Dönülmez Bir Yolun Sonunda mıyız?

by Fahrettin Dağlı

Bazı dostlarım yazılarımla ilgili şöyle yorumlarda bulunuyorlar:

Siz güçlü esen ve hatta fırtınaya dönüşen bir rüzgâra karşı koymaya çalışıyorsunuz. İyi niyetinize rağmen bu iş neredeyse imkansız gibi görünüyor.

Dostlarım bu yargılarında haklılar mı? Zahiren evet. Muazzam bir dip dalga her şeyi önüne katıp götürüyor. Benim gibi yüzme bile bilmeyen biri nasıl bu dalgalara karşı koyabilir?

Bir müslüman olarak her şeyin zahirde görüldüğünden farklı, mücadelenin görünür şartlarla kayıtlı olmadığını düşündüğümde sebeplere takılmayarak mücadeleye devam diyorum. Yeryüzünde yaşamanın bedeli, tüm olumsuz şartlara gözleri ve kulakları kapatarak son nefese kadar hiçbir ayartıcının ayartmalarına kanmadan dosdoğru yürümek, takdir edilmiş bir ömrün zekatını ödemektir.

Bunu biraz açayım.

Yaklaşık on beş yıldır toplumsal erozyonu, ahlaki ve dini çözülmeyi büyük bir üzüntü ve kederle izliyorum, yazıyorum, yorumlamaya ve muhataplarımı ikaz ederek uyarmaya çalışıyorum.

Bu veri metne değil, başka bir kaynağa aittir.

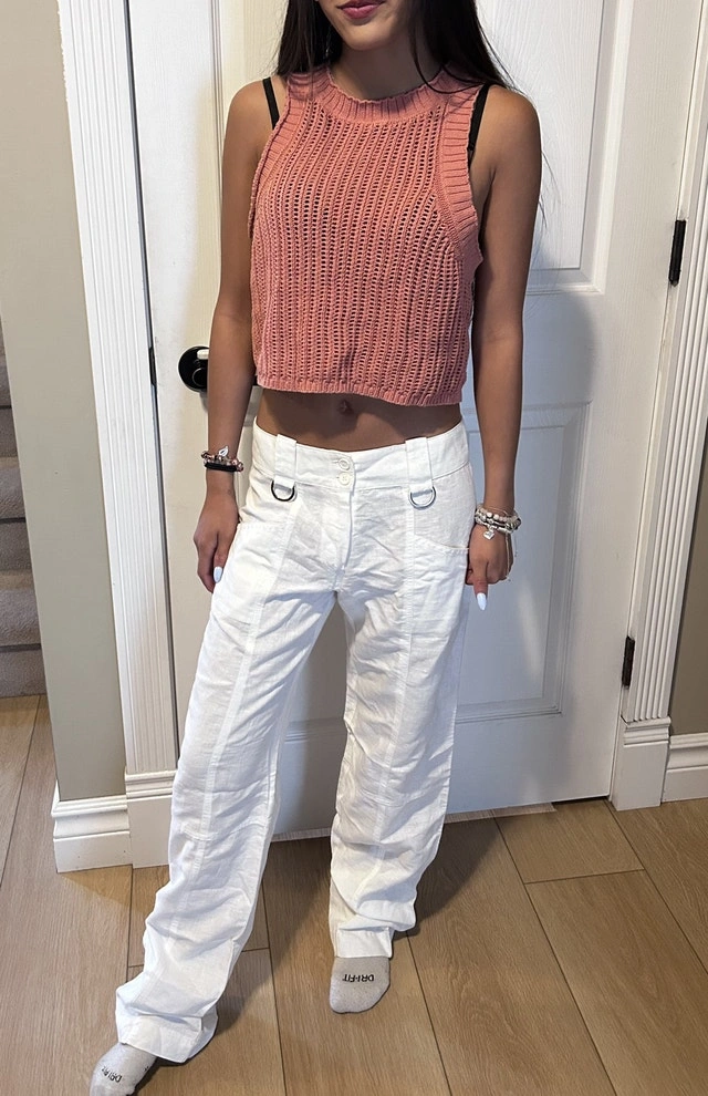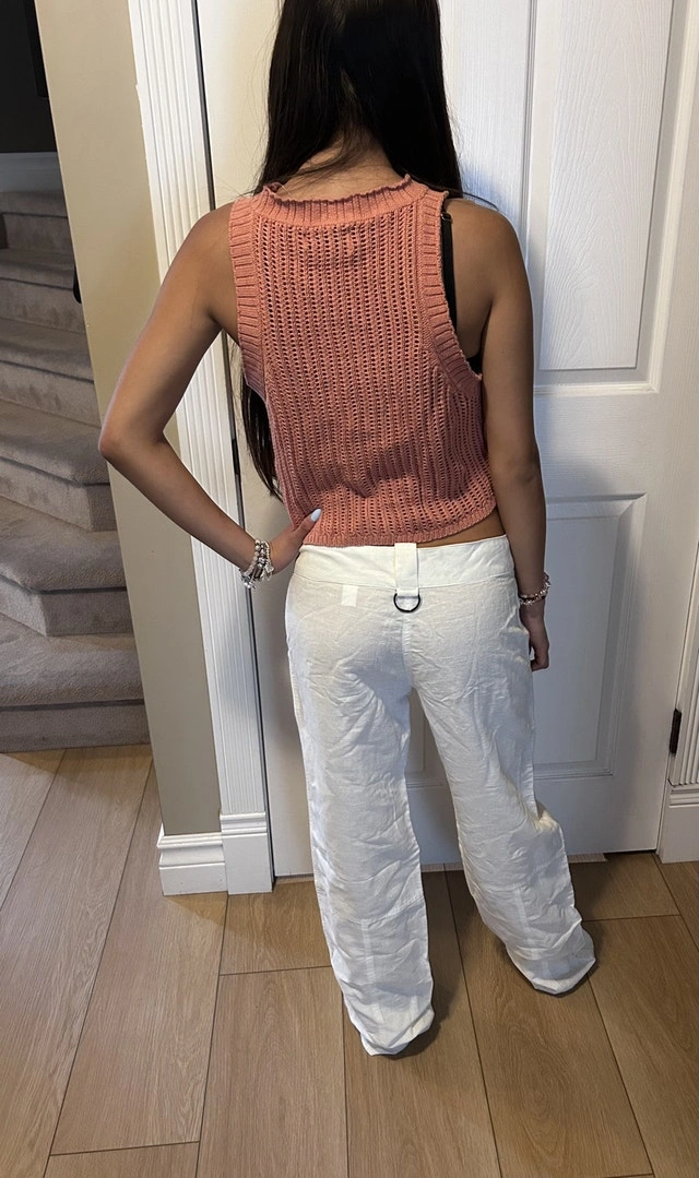 I'm selling a pair of new white linen pants, perfect for a casual yet stylish look. These pants feature a comfortable fit and unique detailing. Lower rise. Knitted top is new without tag. Whole outfit for $15 or $10 for pants and $7 for top. * Material: Linen * Colour: White * Style: Wide Leg pick up in Springbank Hill or Royal Oak

Bir yaraya derman oluyor mu? Onu bilecek durumda değilim. Ancak tesellim şudur: Ben bir müslümanım, Allah’la yapılmış bir akdim var:

“…Onları ‘Rabbiniz değil miyim?’ diye kendi nefislerine şahit yaptı. Onlar da ‘Evet, Rabbimizsin, buna şahit olduk (söz veriyoruz)’ dediler.” (Araf: 172)

İman iddiasında olanların bu söze sadık kalmaları gerekir. Aksini yaparsam ben de iddiasını / sözünü yerine getirmemiş ve kendine yazık etmişlerden olurum.

Gücümün, takatimin zayıflığının farkındayım. Ama şunun da bilincindeyim: Yeryüzünde karşılaştığımız her şey insanın iradesinin, çabasının ve gayretinin bir neticesidir.

“İnsan ancak çabasının sonucunu elde eder. Ve çabasının karşılığı ileride mutlaka görülecektir. Sonra kendisine karşılığı tastamam verilecektir.” (Necm:39-41)

İrade, niyet ve arzu ettiğimiz sonuca vasıl olamasak da herkesin niyetinin ve çabasının karşılığını verecek bir yanılmaz mahkemede yargılanacağız, buna iman ediyoruz. İşte asıl olan bu mahkemeye arz edeceğimiz geçerli, kabul edilebilir gerekçelerimiz, mazeretimizin olmasıdır.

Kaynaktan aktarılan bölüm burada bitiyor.